* _Your instructions_:
Find "Archa Eden (v" below and begin at its line; stop after the line with "Kenneth Cole used". Output those lines exactly, without pictures.

* _Recorded data_:

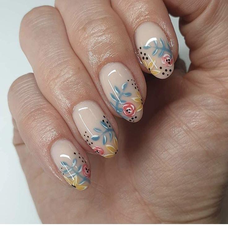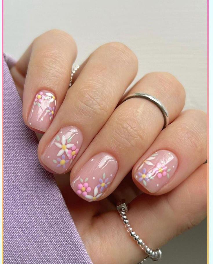 A creamy nude gel base is paired with delicate pastel flowers and leafy details. The soft colors give this design a light, romantic and cute spring feel.
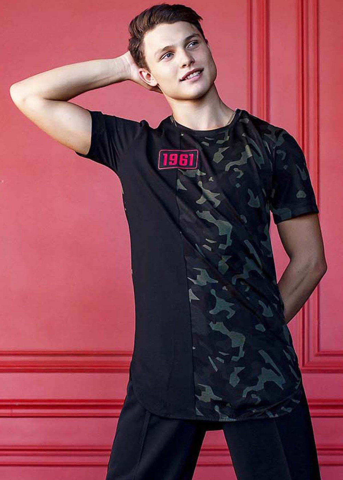 Чоловіча футболка з асиметричним дизайном і камуфляжною вставкою. Модель виконана з м’якого трикотажу на основі бавовни з додаванням еластану — забезпечує комфорт, свободу рухів і зберігає форму після прання. Ідеально підходить для занять спортом, танцями або повсякденного стилю.
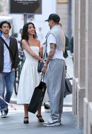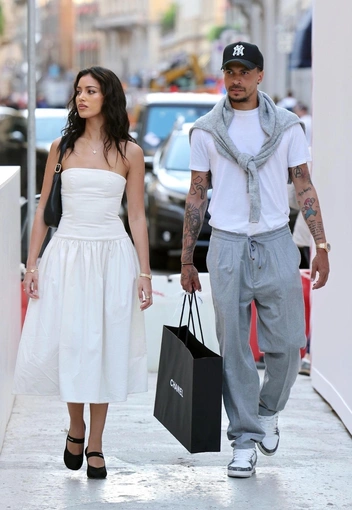 Кажется, понимаем, почему, ведь Синди идет с объемным пакетом Chanel, а во время прогулки пара зашла в бутик Cartier. На Кимберли было платье модного фасона с заниженной талией и юбкой баллон молочного оттенка, а также лодочки Miu Miu из сетчатой ткани. Образ завершила сумка Prada Cleo в черном цвете.
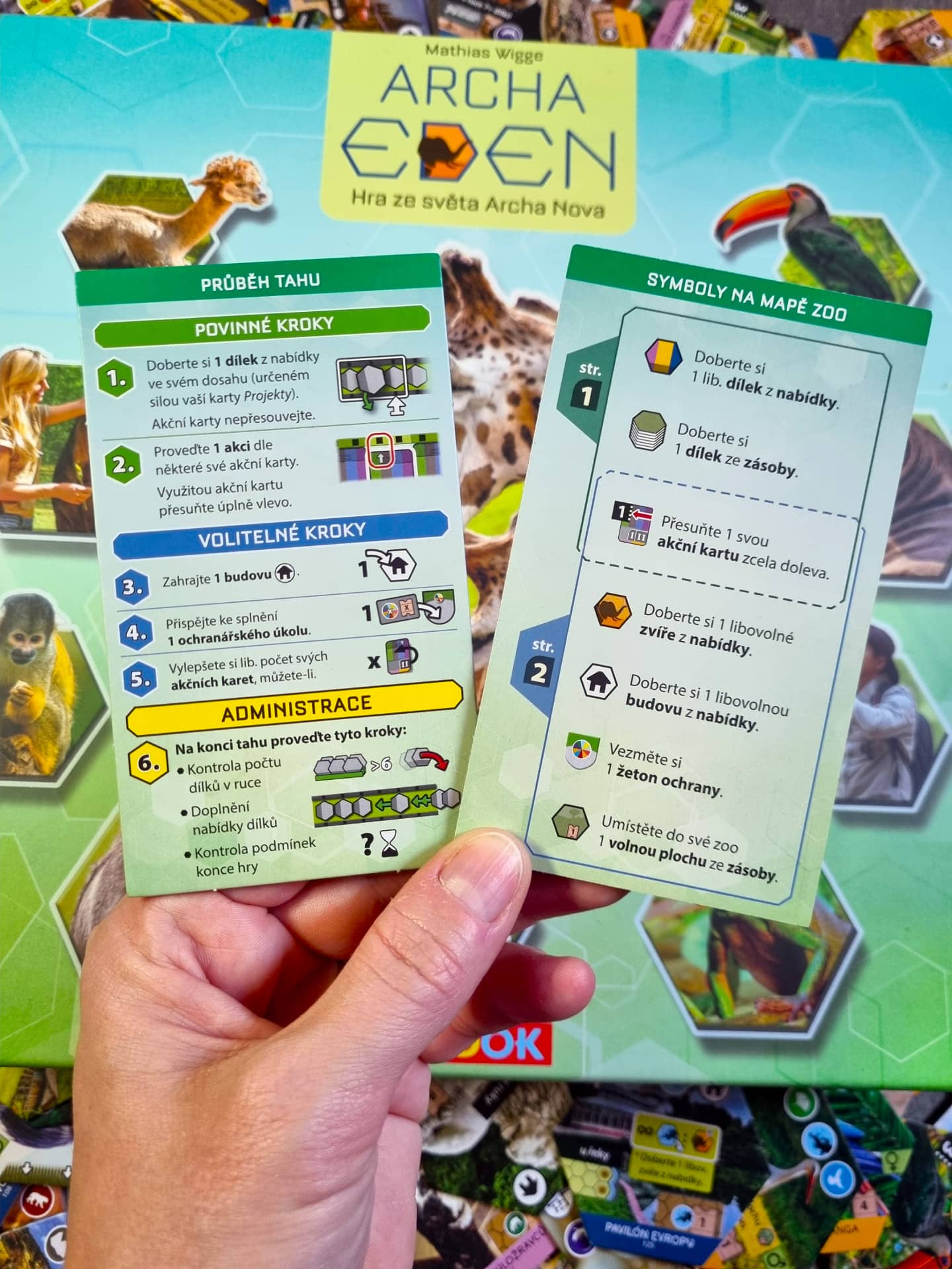 Archa Eden (v originále Sanctuary) je hrou pro 1–4 hráče od 12 let. Nebála bych se u vyhranějších dětí tuto hranici snížit klidně i na 10 let. Ve hře převezmete pod svou správu zoologickou zahradu a snažíte se, aby prosperovala a byla tou nejúspěšnější ZOO vůbec. V tomhle směru je to stejné jako u původní hry Archa Nova, ze které Archa Eden vychází. U tohoto titulu se autor Mathias Wigge snažil svou původní veleúspěšnou hru zjednodušit a zpřístupnit širšímu publiku. A tento záměr se mu povedl. Zachoval původní téma a v jednodušší podobě i základní herní mechaniky. A opravdu citelně zkrátil herní dobu. První partie s jedenáctiletou dcerou jen ve dvou nám trvala něco málo přes hodinu. Včetně vysvětlení pravidel a spočítání bodů.
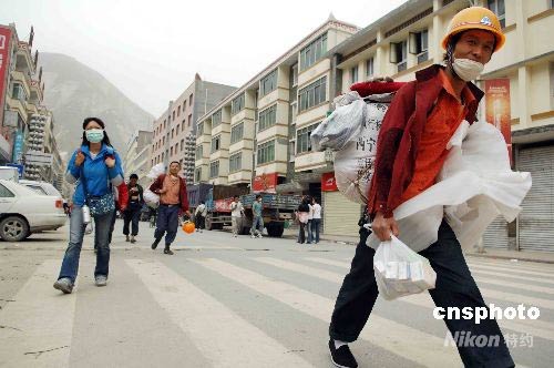 汶川地震灾区县城自受灾以来大小店铺关门,受灾民众情绪稳定、社会秩序良好。
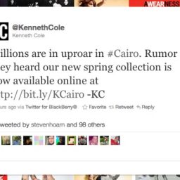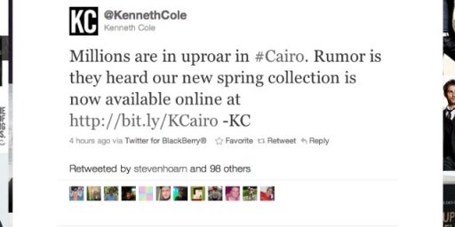 Kenneth Cole used a tongue-in-cheek reference to the Cairo protests to promote its new spring collection.
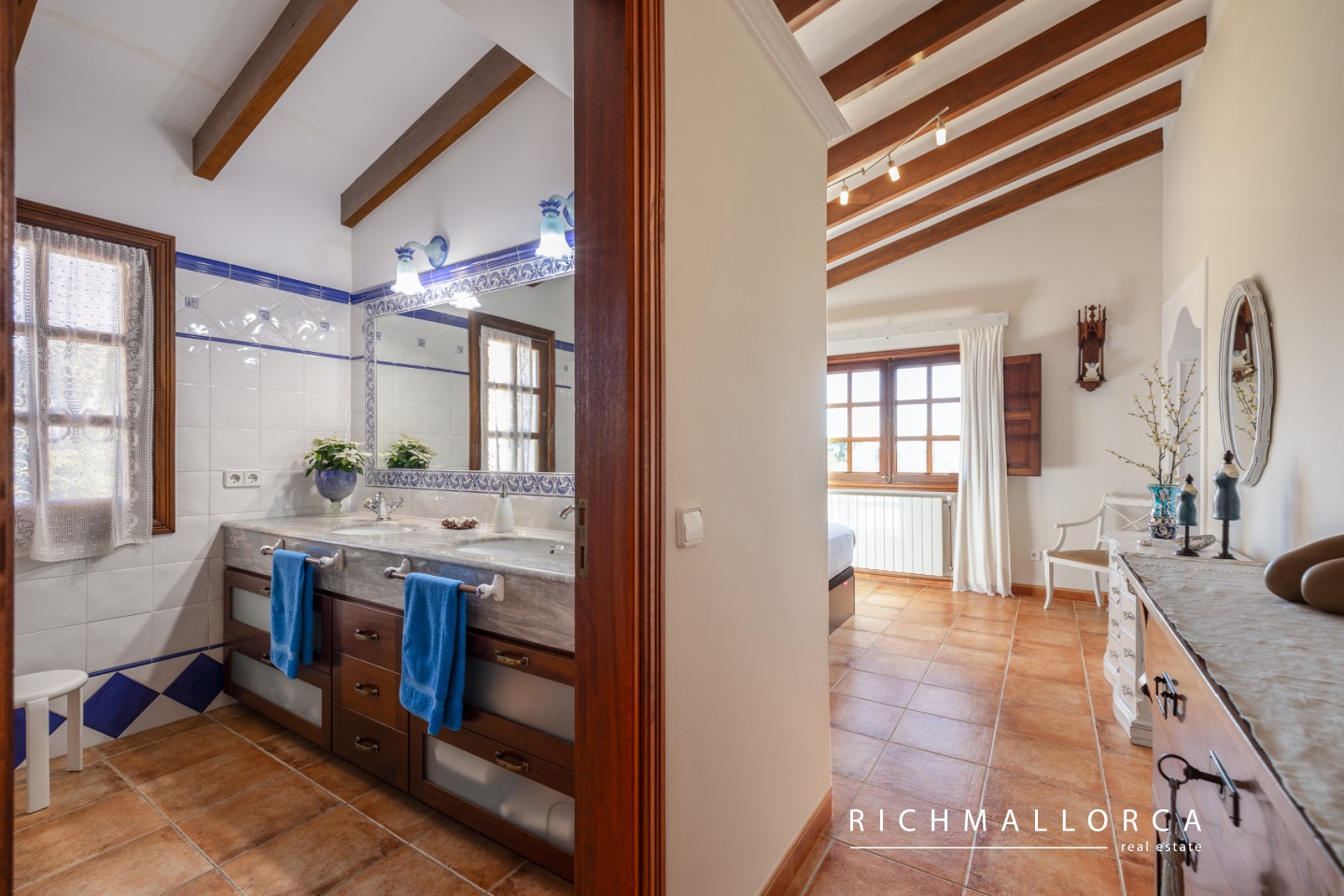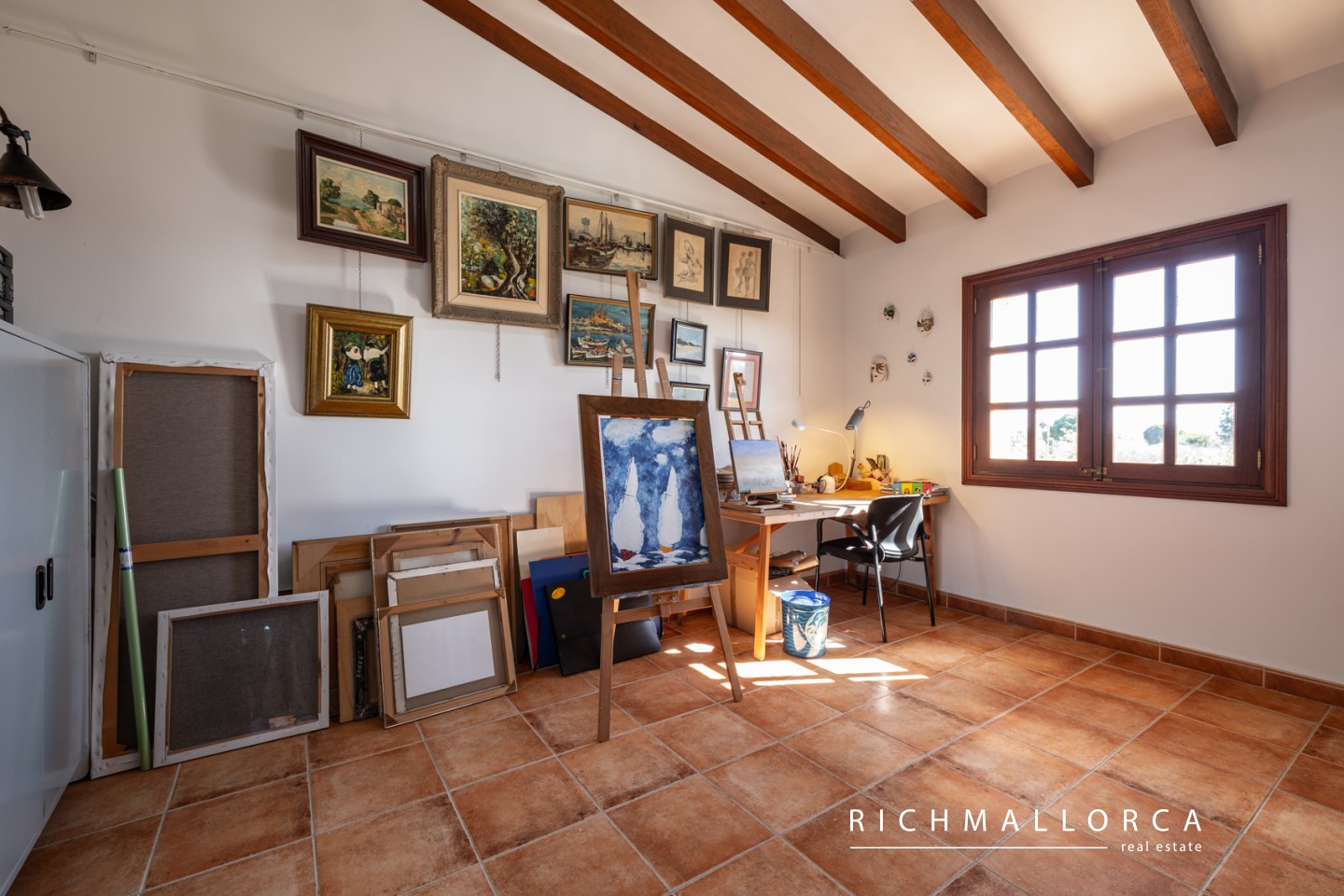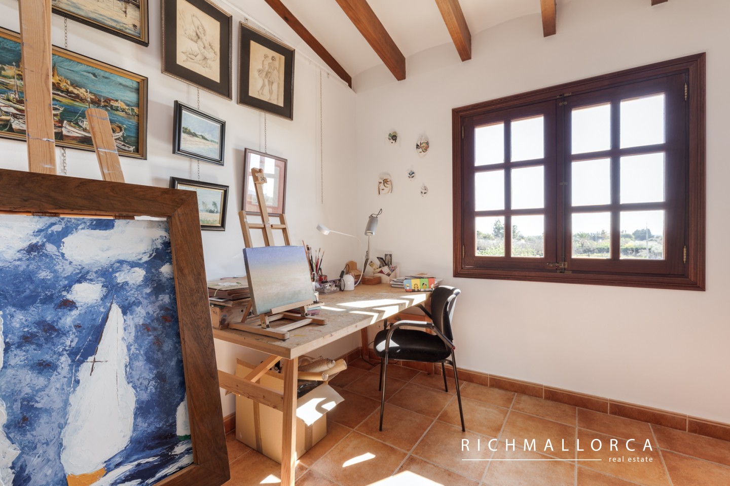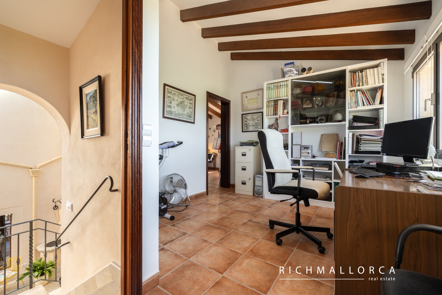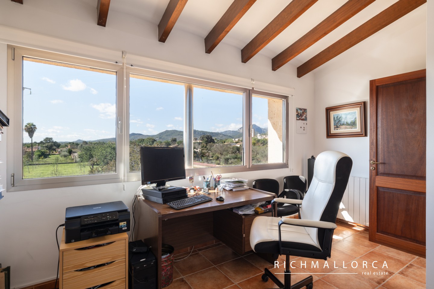 The upper floor offers three generous bedrooms, two bathrooms including a master suite with dressing room, and an additional room currently used as a study/office. Panoramic views of the Serra de Tramuntana and the village lend a charming atmosphere throughout.

* _Expected answer_:
 Archa Eden (v originále Sanctuary) je hrou pro 1–4 hráče od 12 let. Nebála bych se u vyhranějších dětí tuto hranici snížit klidně i na 10 let. Ve hře převezmete pod svou správu zoologickou zahradu a snažíte se, aby prosperovala a byla tou nejúspěšnější ZOO vůbec. V tomhle směru je to stejné jako u původní hry Archa Nova, ze které Archa Eden vychází. U tohoto titulu se autor Mathias Wigge snažil svou původní veleúspěšnou hru zjednodušit a zpřístupnit širšímu publiku. A tento záměr se mu povedl. Zachoval původní téma a v jednodušší podobě i základní herní mechaniky. A opravdu citelně zkrátil herní dobu. První partie s jedenáctiletou dcerou jen ve dvou nám trvala něco málo přes hodinu. Včetně vysvětlení pravidel a spočítání bodů.
 汶川地震灾区县城自受灾以来大小店铺关门,受灾民众情绪稳定、社会秩序良好。
 Kenneth Cole used a tongue-in-cheek reference to the Cairo protests to promote its new spring collection.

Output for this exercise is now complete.